• About this exercise: Leaving the pictures out, print the lines from the first line of the listing through the line containing "仏壇にお花を飾るのは、仏様の", exactly as they read, and no others.

• Dataset:
- - -
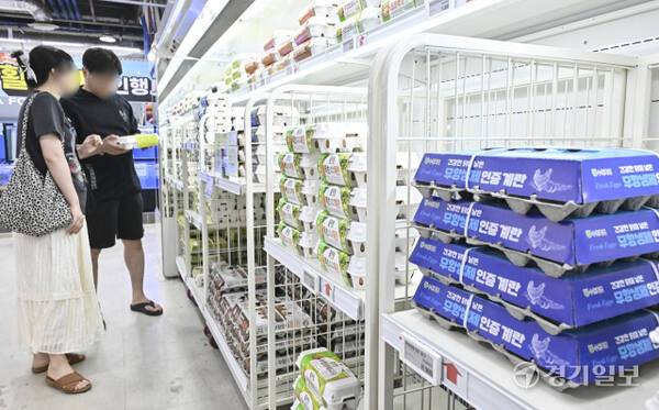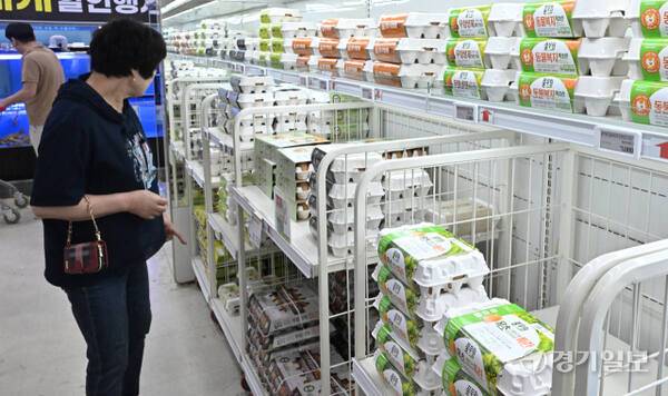 8일 한국농촌경제연구원에 따르면 산란계 고령화와 저병원성 조류인플루엔자(AI), 전염성 기관지염(IB), 가금티푸스 등 질병 발생으로 인한 생산성 저하로 오는 8월까지 계란 가격이 1년 전보다 12.4∼18.5% 오를 것으로 내다봤다. 사진은 이날 오전 수원특례시 권선구 한 대형마트에 판매중인 계란 매대 모습.
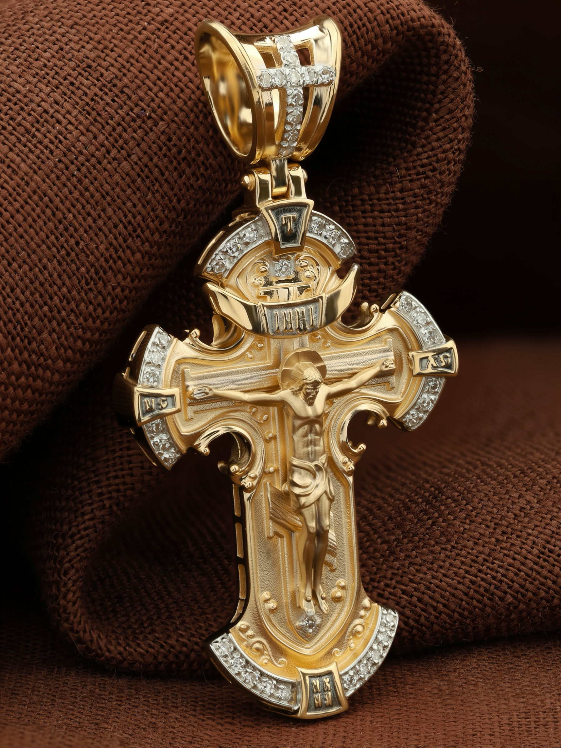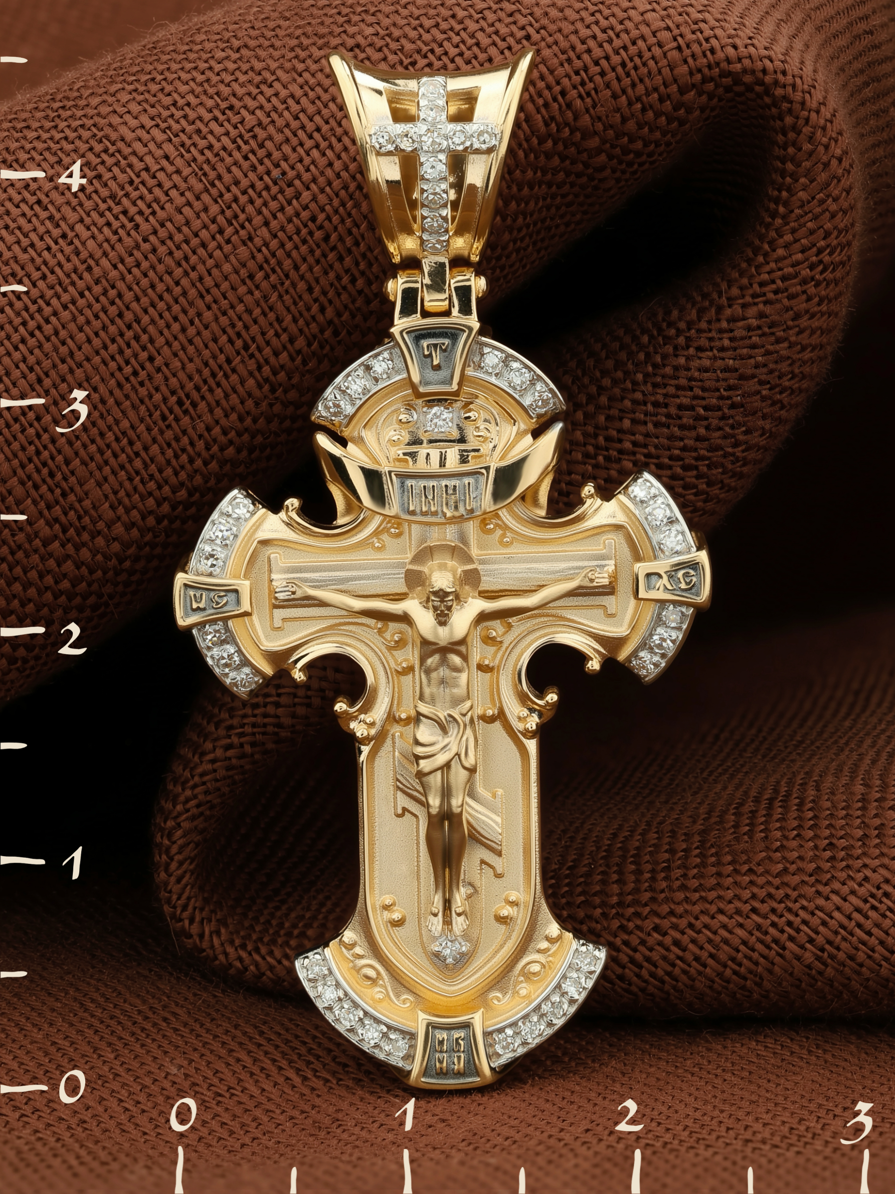На лицевой стороне креста изображено Распятие Иисуса Христа на Голгофском Кресте, верхняя перекладина которого символизирует титло — табличку, на которой, согласно Евангелию, было начертано: Иисус Назорей Царь Иудейский (IНЦI). Справа и слева от Распятия изображены символы «IС ХС» — святое имя Христа. Внизу креста написано слово «НИКА», что значит «победитель». В верхней части креста обозначена буква «Т», которая символизирует одно из орудий страданий Господа — трость.
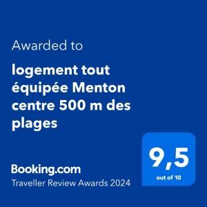 Situated in Menton, 800 metres from Borrigo Beach and 11 km from Grimaldi Forum Monaco, Studio tout équipé centre ville Menton offers a terrace and air conditioning. Studio tout équipé centre ville Menton offers access to a balcony and free private parking. The property is non-smoking and is set 14 km from Chapiteau of Monaco.
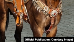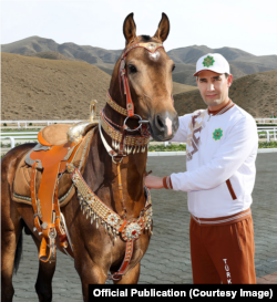 На фотографии нынешнего президента Туркменистана, опубликованной государственными СМИ в апреле 2023 года, Сердар Бердымухамедов держит лошадь в праздничной упряжи на открытии конноспортивного комплекса.
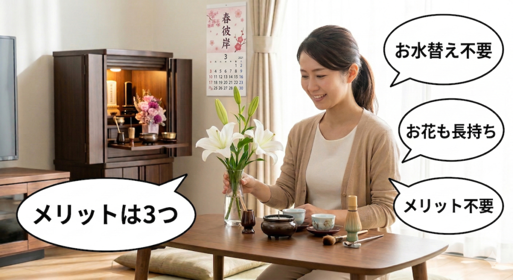 仏壇にお花を飾るのは、仏様の慈悲を象徴し、私たちの心を穏やかにするためと言われています。 もし、毎日のお花の手入れが「苦行」になり、仏壇の前に立つたびに「申し訳ない」とため息をついてしまうのだとしたら……。
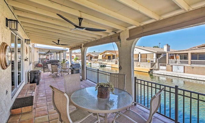 Featuring a bar, Waterfront Home in Parker with Mtn Views and Dock! provides accommodations in Parker. This vacation home features accommodations with a patio. Both parking on-site and free Wifi are accessible at the vacation home. The air-conditioned vacation home consists of 3 bedrooms, a living room, a fully equipped kitchen with a dishwasher and a coffee machine, and 2 bathrooms with a shower and free toiletries. Towels and bed linen are available in the vacation home. The property has an outdoor dining area.
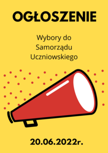 Wybory do SU na nowy rok szkolny odbędą się w poniedziałek 20 czerwca 2022r. Kandydatów do pełnienia funkcji Przewodniczącego Samorządu Uczniowskiego proszę o przygotowanie plakatów, na których zaprezentowany zostanie program wyborczy. Gotowe prace proszę przekazać do sekretariatu.
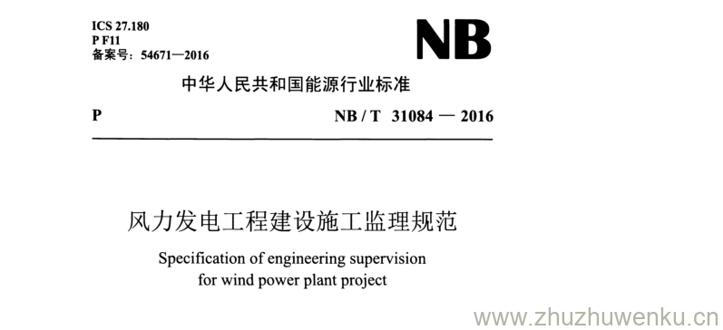 NB/T 31084-2016 pdf下载风力发电工程建设施工监理规范。Specification of engineering supervision for wind power plant project.
- - -
• Your response:
 8일 한국농촌경제연구원에 따르면 산란계 고령화와 저병원성 조류인플루엔자(AI), 전염성 기관지염(IB), 가금티푸스 등 질병 발생으로 인한 생산성 저하로 오는 8월까지 계란 가격이 1년 전보다 12.4∼18.5% 오를 것으로 내다봤다. 사진은 이날 오전 수원특례시 권선구 한 대형마트에 판매중인 계란 매대 모습.
На лицевой стороне креста изображено Распятие Иисуса Христа на Голгофском Кресте, верхняя перекладина которого символизирует титло — табличку, на которой, согласно Евангелию, было начертано: Иисус Назорей Царь Иудейский (IНЦI). Справа и слева от Распятия изображены символы «IС ХС» — святое имя Христа. Внизу креста написано слово «НИКА», что значит «победитель». В верхней части креста обозначена буква «Т», которая символизирует одно из орудий страданий Господа — трость.
 Situated in Menton, 800 metres from Borrigo Beach and 11 km from Grimaldi Forum Monaco, Studio tout équipé centre ville Menton offers a terrace and air conditioning. Studio tout équipé centre ville Menton offers access to a balcony and free private parking. The property is non-smoking and is set 14 km from Chapiteau of Monaco.
 На фотографии нынешнего президента Туркменистана, опубликованной государственными СМИ в апреле 2023 года, Сердар Бердымухамедов держит лошадь в праздничной упряжи на открытии конноспортивного комплекса.
 仏壇にお花を飾るのは、仏様の慈悲を象徴し、私たちの心を穏やかにするためと言われています。 もし、毎日のお花の手入れが「苦行」になり、仏壇の前に立つたびに「申し訳ない」とため息をついてしまうのだとしたら……。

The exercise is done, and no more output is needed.